A veces el corazón no funciona al unísono. Con el tiempo aprendemos a tener compartimentos en él. Espacios sin límite preciso en el que poder guardar las riquezas y las miserias que las vivencias nos vamos dejando de nosotros mismos. Porque lo que encerramos en este cofre sagrado no es más que estelas de emociones capturadas en el vuelo del alma a golpe de risas y lágrimas.
Lo que queda ahí es lo que somos y lo que somos no es otra cosa que el resultado del dolor y del gozo que hemos experimentado; el brillo que haya quedado después de las luces y las sombras escritas en el libro de nuestra historia.

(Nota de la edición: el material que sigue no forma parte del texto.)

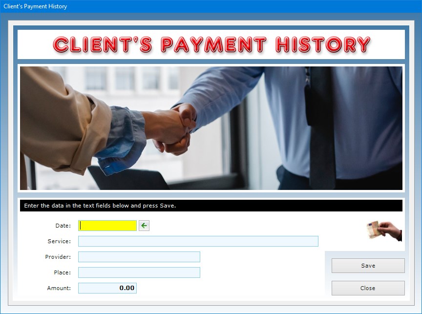 After saving the record, pressing the Payment History button gives you access to a window where you can list and print all payments made by the client to your company for the services received. To add a payment to the list, just press the Add payment button, fill in the text fields in the window that appears, press Save and then Close. For each payment you must indicate the date, the type of service, the service provider (e.g. the name of your company's agent who served the client), the place where the service was provided, and the amount paid.
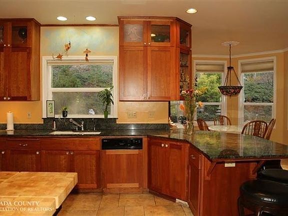 Luxurious Sanctuary!Top quality home in exclusive Stonebridge Estates, end of the road privacy. Attention to detail. Designer paint with many special touches and scenes. Lots of hidden storage areas. Ultra gourmet kitchen with solid Cherry cabinets, granite counters, stainless appliances and computer nook, which opens into the large living room with a gas fireplace, entertainment center with surround sound. Huge formal dining room. Doors with transom windows and skylights make this home light and bright. Master suite has cove lighting, 2 walk-in closets, private deck with view of the waterfall. Master bath has steam/sauna shower, dual shower heads, his and her vanities, and a Jacuzzi tub that over looks the forest with wonderful privacy. Jack and Jill bedrooms with a full bath that offers a bidet. Guest bed has it's own full bath.Wrap around covered deck, private backyard with water feature,fenced pool and garden areas make this home great for entertaining, yet easy to maintain.
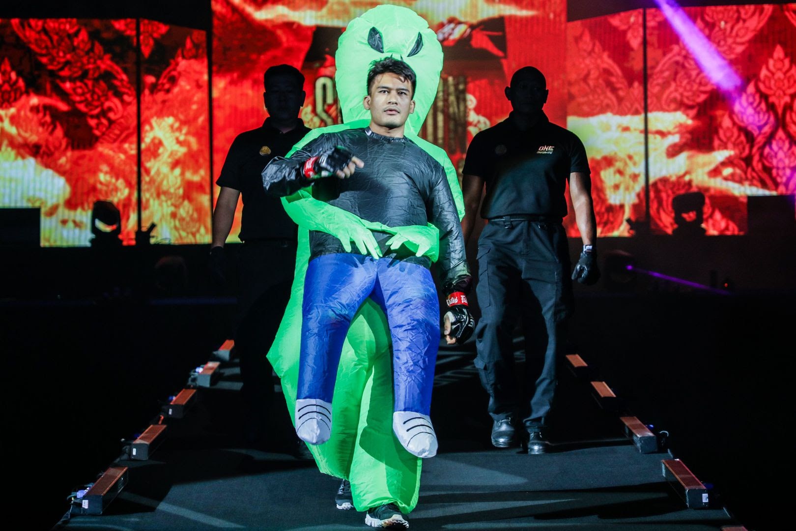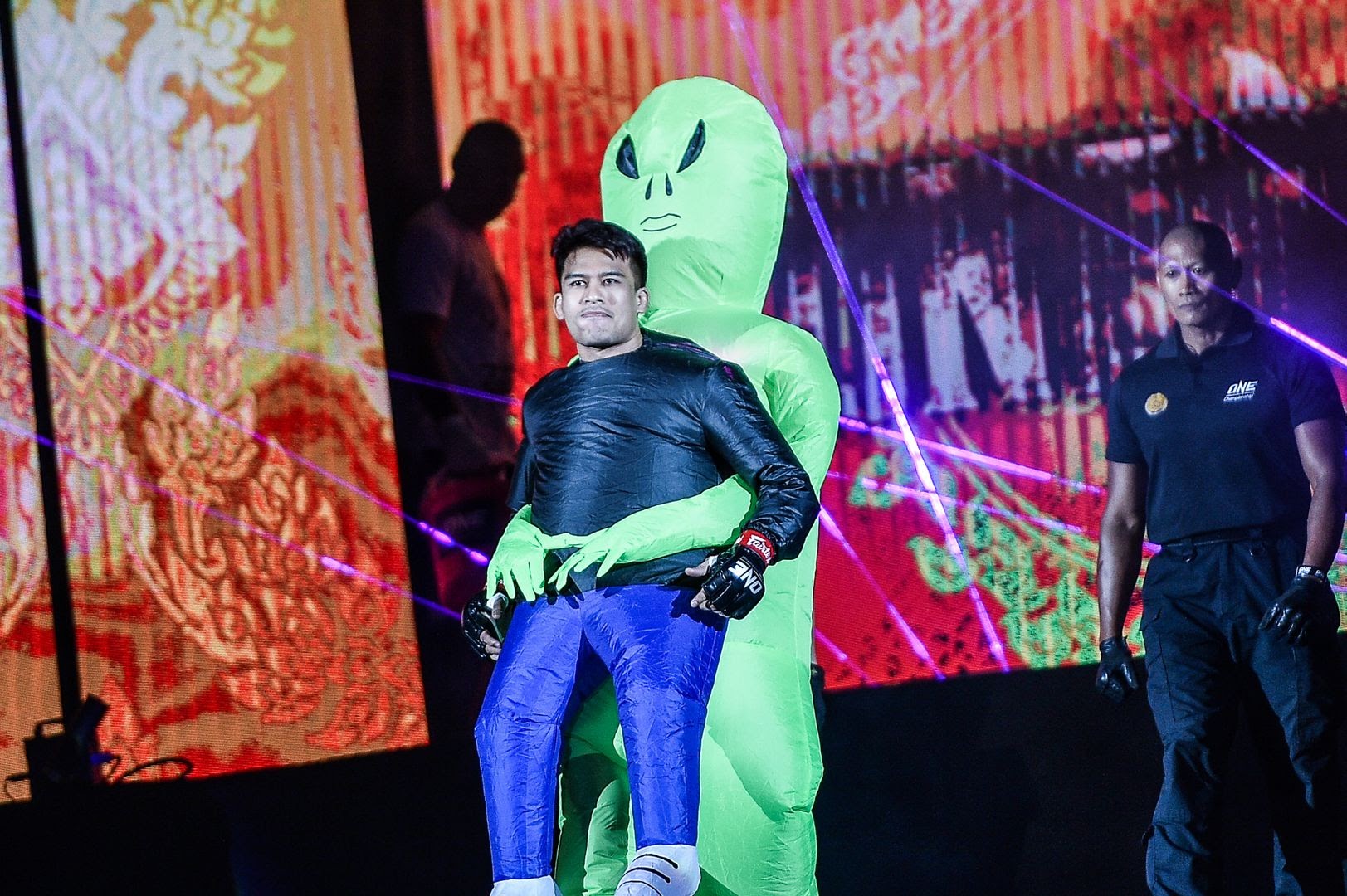 (3 มี.ค.63) นักสู้ที่มีไอเดียเปิดตัวโดดเด่นที่สุดคนหนึ่งใน วัน แชมเปียนชิพ ต้องยกให้ "ครูตอง" ชนนภัทร วิรัชชัย ล่าสุดเขาใช้ไอเดียเปิดตัวด้วยเอเลียน ในศึก ONE: KING OF THE JUNGLE จึงทำให้แฟนๆ สงสัยว่า ครูตอง ต้องการสื่ออะไร

Con el tiempo entendemos que es bueno que así sea porque los amores que pueblan el desolado campo de batalla que queda tras las contiendas tienen entidad propia.

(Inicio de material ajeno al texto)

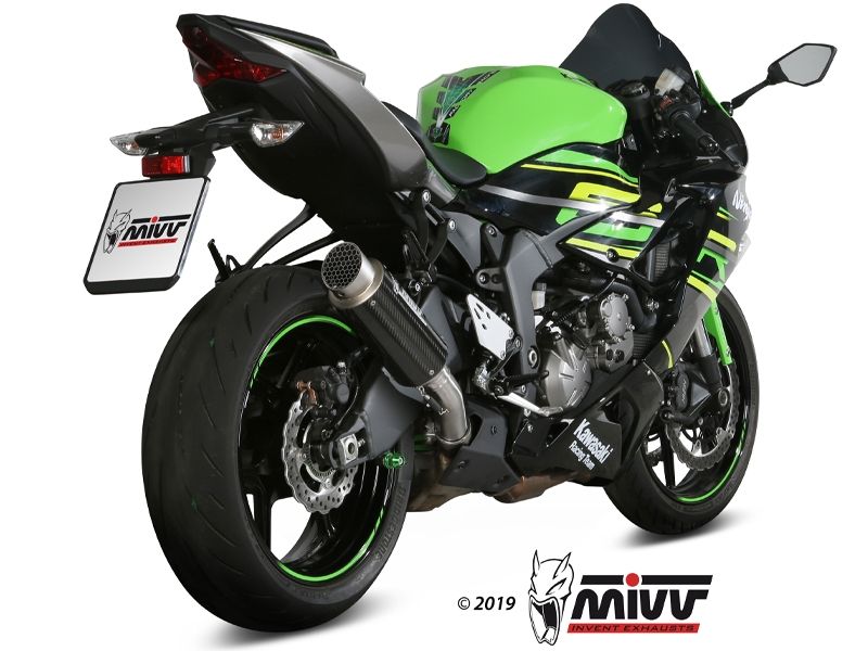 Escape Mivv K.050.L2P GP Pro Kawasaki ZX-6R 636 2019 (slip-on carbono). Mivv Gp Pro representa la evolución en tecnología y diseño del exitoso escape Mivv Gp. Este nuevo escape Mivv se caracteriza por ofrecer un diseño compacto y agresivo con acabado de máxima precisión. El tubo de salida del Gp Pro incorpora una rejilla amovible y protectora similar a las que se utilizan en competición, Tras ella se camufla sutilmente el dB-killer para no dañar su estética. La nueva generación de slip-ons Gp Pro ha sido diseñada para motos de última generación deportivas y otros modelos naked. El logotipo de Mivv está realizado por la a través de tecnología láser para un acabado muy fino y elegante. (La información que facilita Ramirez Motoracing es orientativa y sujeta a la verificación en la web del fabricante).

Si logramos diferenciar los rasgos específicos de cada sentimiento nunca se mezclarán y por lo tanto no habrá que temer a los celos porque nadie quita amor a nadie. El amor siendo el mismo en su naturaleza, no lo es cuando se derrama sobre personas diferentes porque cada una hace del amor una estrella distinta que alumbra de forma única.
El amor nunca se recorta, nunca por repartirlo disminuye, nunca por ampliarlo se pierden las fuerzas en la entrega. Cuanto más se ama, mayor es la capacidad de hacerlo. Cuánto más se transmite, mayores regalos obtenemos de vuelta, cuánto más se prodiga mejores resultados obtenemos como recompensa, porque el amor es el estado natural en el que la felicidad fluye.
Posiblemente el desamor tenga también su espacio en nuestro templo particular. No podremos evitar mirar con tristeza y melancolía aquel fulgor que resplandecía en nuestras pupilas cuando estuvimos enamorados, sin embargo siempre es mejor haberlo estado que haber esperado en la orilla para verlo pasar delante sin que nos tomase de la mano. Porque después, al final, también tiene su lugar en nuestro balance afectivo.
Las cuentas deben cuadrar y el saldo total ha de sumar amor por todos los lados, de lo contrario creo que la vida habrá sido perdida.